→ **Prompt**
Only a slice of the listing below is wanted. Retype the lines from the one containing "互动交流环节,现场师生踊跃提" through the one containing "おはじきや、お皿に見立てたヒ", exactly, both ends included.

→ **Exercise material**
▬▬▬▬▬▬▬▬▬▬
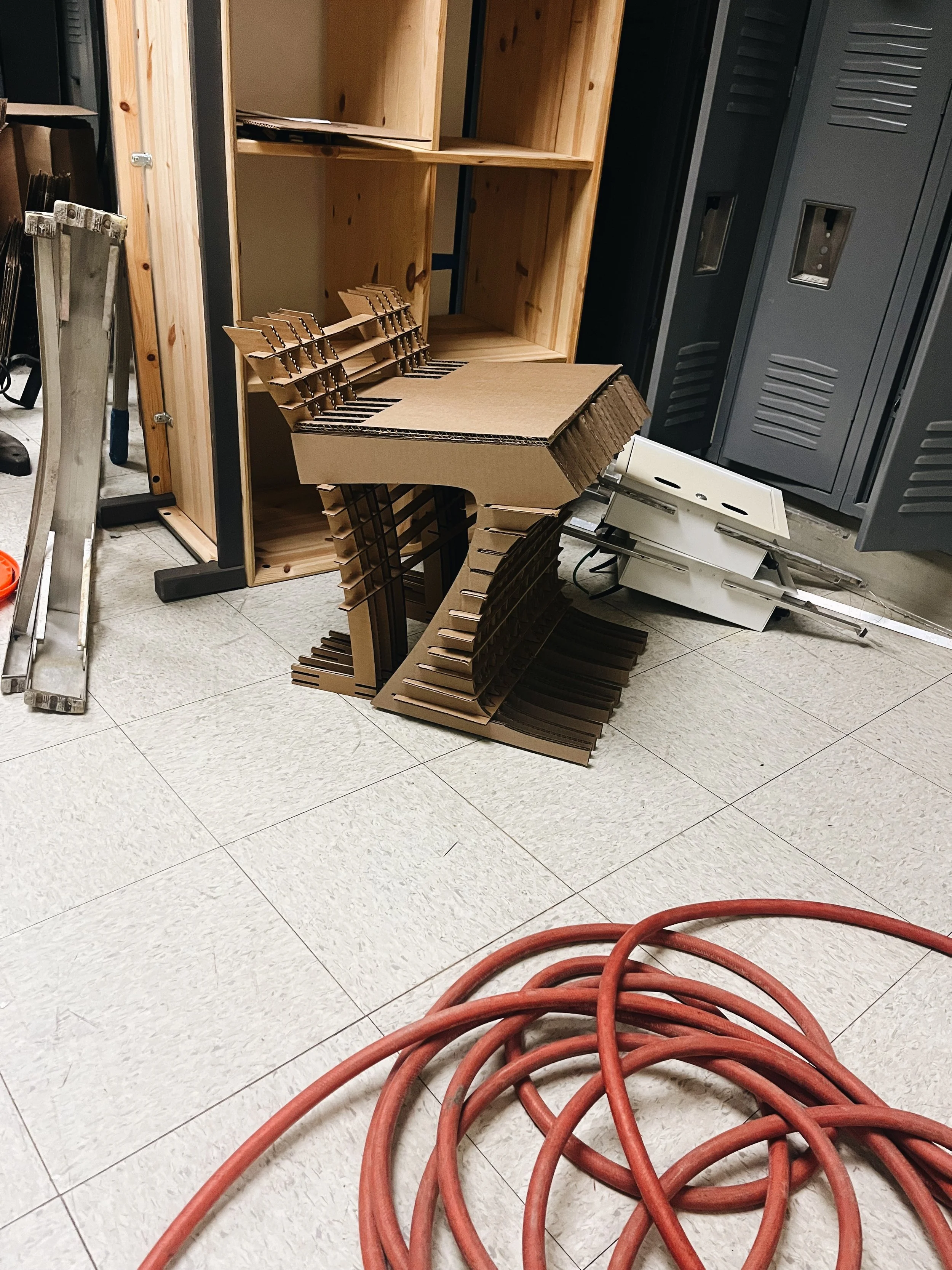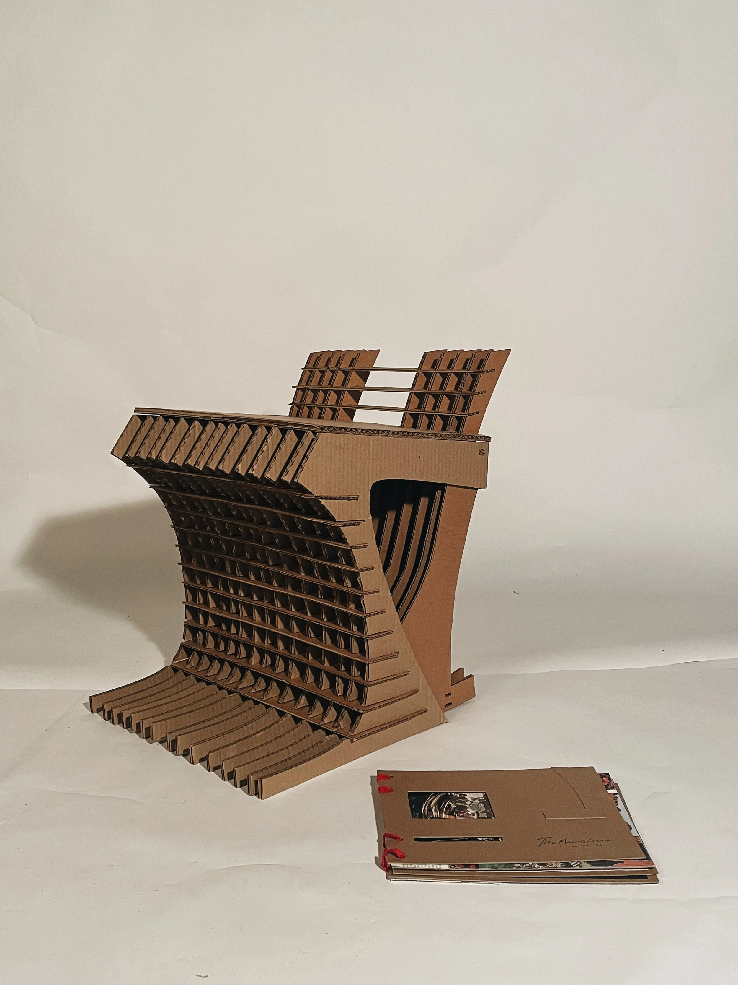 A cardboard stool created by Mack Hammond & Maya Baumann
▬▬▬▬▬▬▬▬▬▬
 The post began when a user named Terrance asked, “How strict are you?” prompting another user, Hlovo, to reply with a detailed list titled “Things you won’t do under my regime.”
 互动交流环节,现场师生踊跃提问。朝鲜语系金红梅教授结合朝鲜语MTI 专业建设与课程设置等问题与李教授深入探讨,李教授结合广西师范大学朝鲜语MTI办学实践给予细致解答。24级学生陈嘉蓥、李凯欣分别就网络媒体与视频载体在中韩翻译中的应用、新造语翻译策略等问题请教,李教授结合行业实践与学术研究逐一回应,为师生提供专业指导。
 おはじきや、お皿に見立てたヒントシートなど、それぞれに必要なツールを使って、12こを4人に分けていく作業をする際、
▬▬▬▬▬▬▬▬▬▬
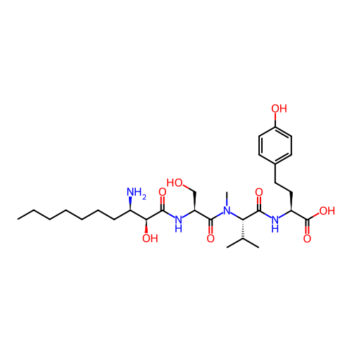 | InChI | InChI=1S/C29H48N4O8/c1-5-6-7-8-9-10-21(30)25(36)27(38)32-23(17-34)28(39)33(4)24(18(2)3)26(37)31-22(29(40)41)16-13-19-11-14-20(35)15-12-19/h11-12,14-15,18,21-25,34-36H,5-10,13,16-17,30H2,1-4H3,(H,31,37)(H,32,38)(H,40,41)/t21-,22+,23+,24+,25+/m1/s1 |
▬▬▬▬▬▬▬▬▬▬
→ **Solved exercise**
 互动交流环节,现场师生踊跃提问。朝鲜语系金红梅教授结合朝鲜语MTI 专业建设与课程设置等问题与李教授深入探讨,李教授结合广西师范大学朝鲜语MTI办学实践给予细致解答。24级学生陈嘉蓥、李凯欣分别就网络媒体与视频载体在中韩翻译中的应用、新造语翻译策略等问题请教,李教授结合行业实践与学术研究逐一回应,为师生提供专业指导。
 おはじきや、お皿に見立てたヒントシートなど、それぞれに必要なツールを使って、12こを4人に分けていく作業をする際、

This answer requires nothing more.